La compagnia di assicurazioni Assitalia provvedeva a riassumere il giudizio nei confronti della Reale Mutua e del fallimento di G.P..

Con sentenza n. 963/2013 la Corte d’appello condannava la compagnia di assicurazioni Reale Mutua a pagare alla compagnia di assicurazioni Assitalia la somma di Euro 140.265,80, oltre accessori; condannava la compagnia di assicurazioni Reale Mutua a tenere indenne la Assitalia di quanto avrebbe dovuto eventualmente ancora pagare per il titolo per cui è causa.

Proponeva ricorso per cassazione la Reale Mutua di assicurazioni quale impresa designata per il Piemonte e la Val d’Aosta del Fondo di garanzia per le vittime della strada sostenuto con tre motivi.

Resisteva con controricorso Generali Italia s.p.a. (già Ina Assitalia s.p.a.).

Non svolgeva attività difensiva il fallimento di G.P..

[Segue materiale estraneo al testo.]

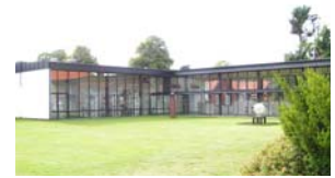
Utställningshallen, modern arkitektur från 1950-talet.

Den arbetsgrupp som funnits har varit mycket aktiv och kunnig vilket behövs för att ta fram information till guideskriften. I en ny fas nu behövs tydligare och bättre samordning med t ex turistinriktade näringsidkare för att kunna genomföra idéer och förändringar, utbildning och kontinuerliga träffar.
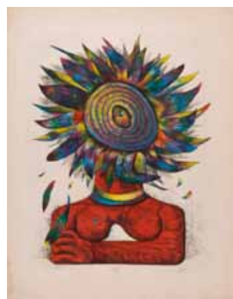
《インディアン》1956（昭和31） 石版、紙 48.8×39.0
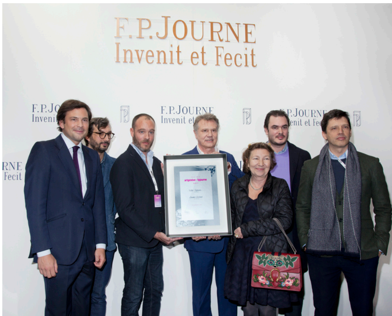
Ф. П. Журн и члены жюри с новым лауреатом

Auteur: Надежда Сикорская, Женева , 27.01.2017.
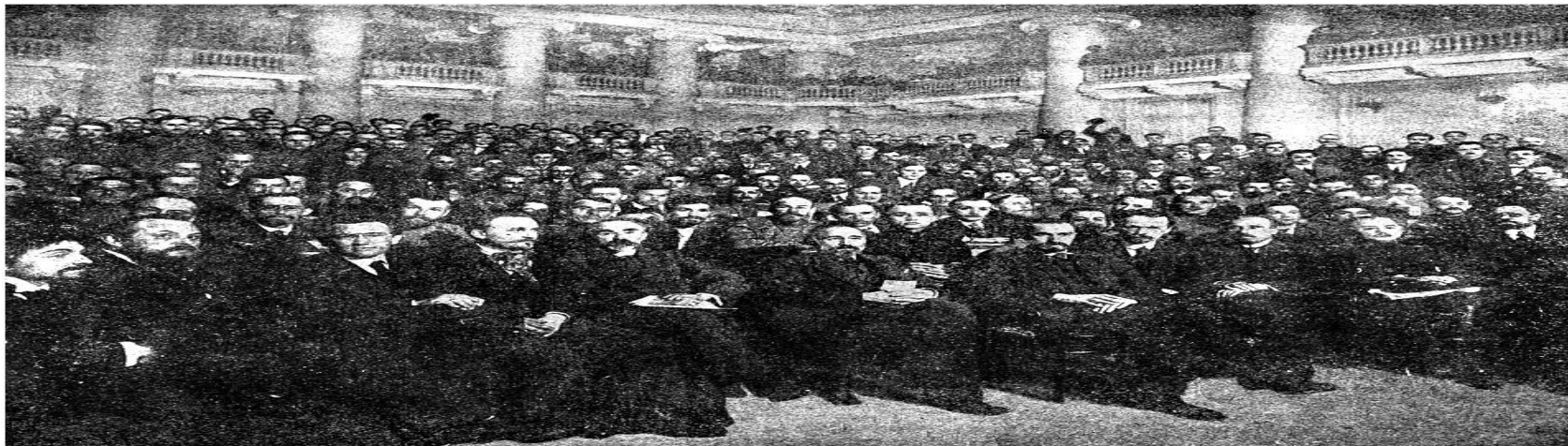
ПРЕДСТАВИТЕЛИ СОВѢТА РАБОЧИХЪ И СОЛДАТСКИХЪ ДЕПУТАТОВЪ. Среди нихъ: Г. В. Плехановъ, Н. С. Чхеидзе, М. И. Скобелевъ, И. Г. Церетелли, Богдановъ, Стекловъ и др.

Большевики для защиты своих позиций призвали население к формированию народных органов власти — Советов, они рассылали своих эмиссаров в самые глухие местечки белорусской территории. По рассказам жителей Петриковского района Гомельской области в 60-е годы автору данной статьи, представители большевиков, многие из которых были солдатами, уходившими с передовой по домам, останавливались в местечках и говорили о том, что царской власти пришел конец, надо самим брать власть в свои руки и управлять с пользой для народа. Поэтому повсеместно были созданы Советы рабочих и солдатских депутатов, а в сельской местности — Советы крестьянских депутатов, хотя и не очень четко представлявшие себе дальнейшие действия.
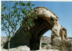
شرح عکس، نمای جنوبی گنبد مسجد
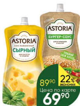
Соус майонезный ASTORIA в ассортименте 20-42%, 200-233 г

129 90 15% ЭКОНОМИЯ Цена по карте 109 90
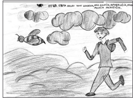
VDU ER 2063/21
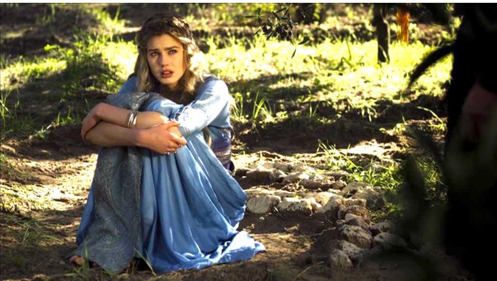
Santa Barbara : Éprouvant le besoin d'être réconfortée, Barbara...
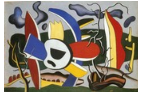
Fernand LEGER, Papillons et fleurs , 1937, huile sur toile, 89x130 cm.
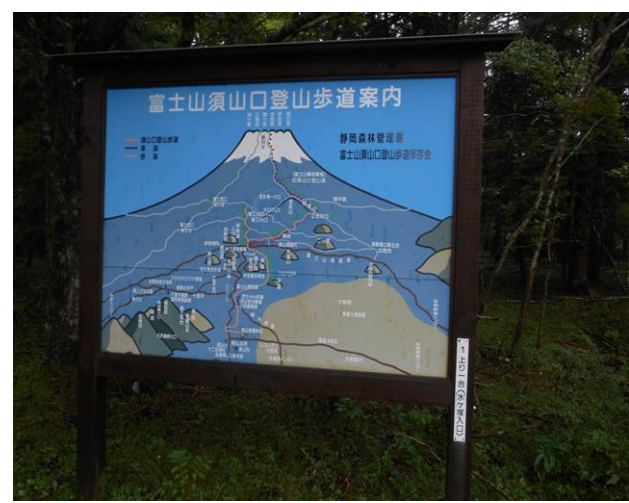
須山口登山歩道の案内図
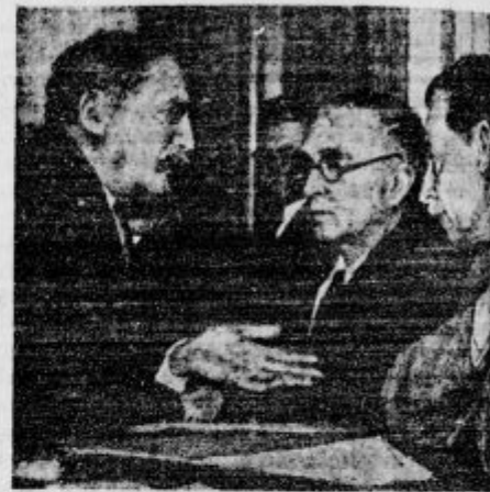
Leon Blum, bodoči predsednik francoske vlade, v razgovoru s somišljeniki.
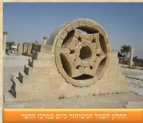
החלון העגול המשוחזר כיום במרכז החצר

אומנות שהיו סדורות בארבע שורות. בראשו הוקמה כיפה. ה'תוף' שנשא את הכיפה היה מוקף בגומחות מעוצבות אשר בתוכן הוצבו פסלי נשים חשופות חזה. שער הכניסה לבית המרחץ היה מעוטר בעושר רב ומעליו נבנתה נישה בה הוצג פסל השליט, אשר נמצא בחפירות ללא ראשו. באכסדרה המערבית של בית המרחץ נמצא פסיפס צבעוני מרהיב שעוצב בדגם של זנב טווס. מרבית רצפות בית המרחץ כוסו בפסיפסים גיאומטריים מהודרים שבוצעו על פי מיטב המורשת הביזנטית ואולי אף על ידי אנשי מקצוע נוצריים אשר הותירו כתובות גרפיטי באתר. מצפון-מערב לבית המרחץ הוקם חדר קבלת אורחים [10] אשר היה מרוצף במלואו בפסיפסים מרהיבים, אף שהם לא כללו דמויות אדם. הגומחה החצי עגולה של החדר עוטרה בפסיפס מרהיב בדמות עץ אשר משני צדיו דמויות בעלי חיים על פי מיטב מסורות האמנות הרומיות. בראש הכיפה שניצבה מעל החדר הוצב תבליט דמוי פרח אקנטוס ובין ששת עלי הכותרת של האקנטוס שובצו תבליטי ראשי נשים וגברים. סביב התבליט עוצבה רצועה בדגמי עלי גפן. אמת מים שהגיעה מהמעיינות ממערב לארמון סיפקה מים לבית המרחץ ולארמון כולו.

All’udienza del 14 aprile 2016, avendo le parti definito transattivamente e stragiudizialmente la lite ed essendo pervenuta la rinuncia al ricorso, il P.G. d’udienza ha chiesto che venga dichiarata l’estinzione del giudizio.

La richiesta va accolta.

La rinuncia infatti è formalmente perfetta in quanto sottoscritta dall’avv. Alberto Cavaliere in qualità di procuratore della Generali Italia s.p.a. e dagli avv. Milena Liuzzi e Luigi Antonelli d’Oulx in qualità procuratori della società Reale Mutua di Assicurazioni.

Consegue l’estinzione del giudizio di cassazione per rinuncia al ricorso, da dichiararsi con ordinanza (art. 391 c.p.c., comma 1), con compensazione delle spese del medesimo giudizio secondo l’accordo delle parti.

Quanto al contributo unificato, deve escludersene il raddoppio, atteso che tale misura si applica ai soli casi – tipici – del rigetto dell’impugnazione o della sua declaratoria di inammissibilità o improcedibilità (Cass., ordinanza n. 23175 del 12 novembre 2015) e trattandosi di misura eccezionale, lato sensu sanzionatoria, essa è di stretta interpretazione e, come tale, non suscettibile di interpretazione estensiva o analogica.

PQM

La Corte dichiara estinto il giudizio di cassazione per rinuncia al ricorso, con compensazione medesimo giudizio.

Così deciso in Roma, il 14 aprile 2016.